Segment Open
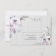 Rustic florals in muted tones of violet, lavender, and purple with white floral accents and lush matching greenery over a whitewashed wooden background RSVP. Matching wedding invitation available.
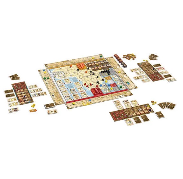 Contenu : 1 plateau de jeu, 4 pistes Compagnie (recto/verso), 4 plateaux individuels, 88 cartes, 86 tuiles, 60 pièces, 60 Comptoirs commerciaux, 45 marqueurs, 1 carnet de score, 4 aides de jeu, règle du jeu.
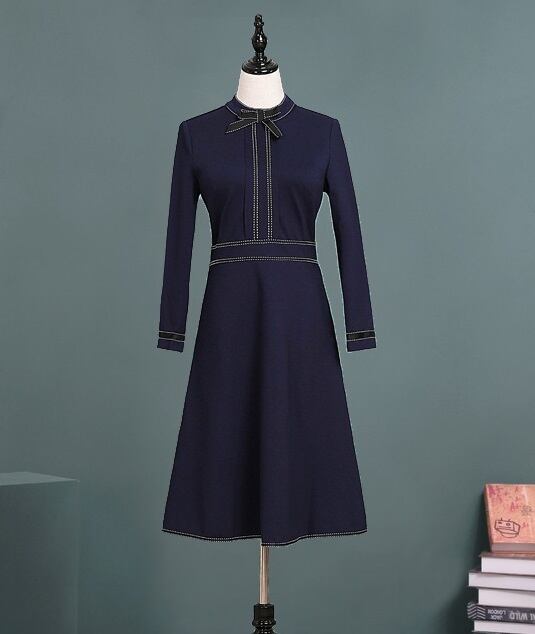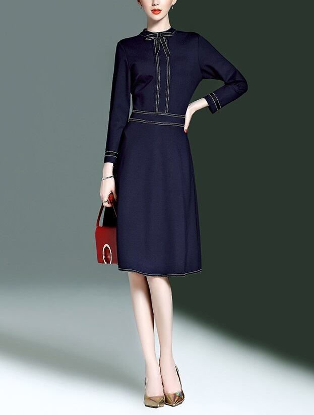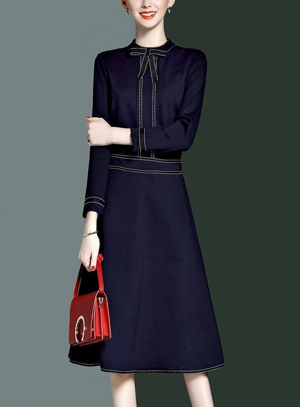「破格」 ワンピース ラウンドネック ステッチ リボン スリム フェミニン
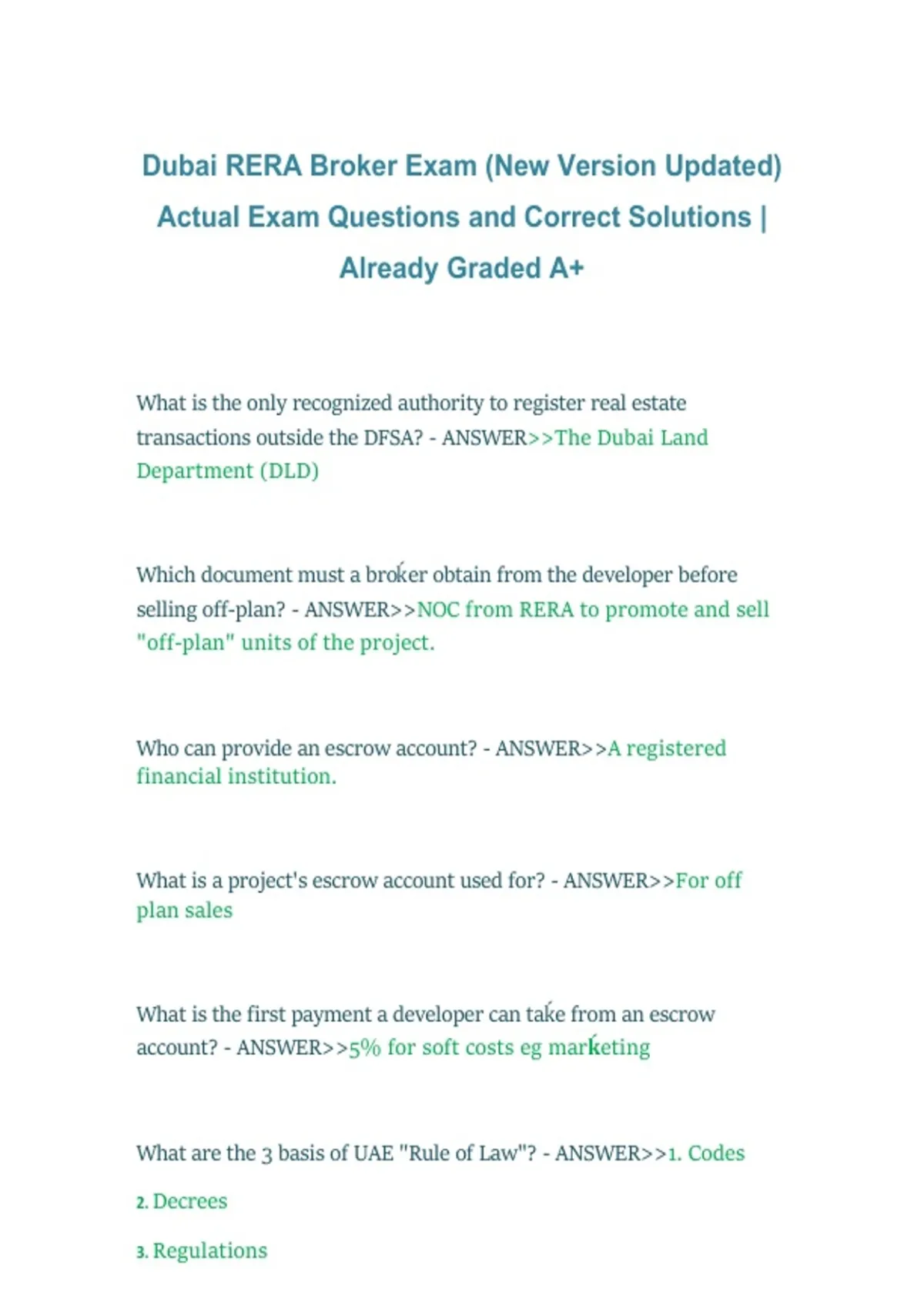 Real Estate Dubai RERA Broker Exam Practice Questions with 100% Verified Solutions | 2026/2027 A+ Guaranteed Study Guide Dubai RERA Broker Exam – Updated Questions and Correct Answers | 2026/2027 Rated A+ Study Resource Dubai RERA Broker Exam | Lately Updated Questions with 100% Correct Answers | Graded A+ 2026/2027 Dubai RERA Broker Exam – New Ver
Segment Closed
__What you need to do__
Copy out the whole listing word for word, except for any picture it includes.

__Answer to this task__
 Rustic florals in muted tones of violet, lavender, and purple with white floral accents and lush matching greenery over a whitewashed wooden background RSVP. Matching wedding invitation available.
 Contenu : 1 plateau de jeu, 4 pistes Compagnie (recto/verso), 4 plateaux individuels, 88 cartes, 86 tuiles, 60 pièces, 60 Comptoirs commerciaux, 45 marqueurs, 1 carnet de score, 4 aides de jeu, règle du jeu.
「破格」 ワンピース ラウンドネック ステッチ リボン スリム フェミニン
 Real Estate Dubai RERA Broker Exam Practice Questions with 100% Verified Solutions | 2026/2027 A+ Guaranteed Study Guide Dubai RERA Broker Exam – Updated Questions and Correct Answers | 2026/2027 Rated A+ Study Resource Dubai RERA Broker Exam | Lately Updated Questions with 100% Correct Answers | Graded A+ 2026/2027 Dubai RERA Broker Exam – New Ver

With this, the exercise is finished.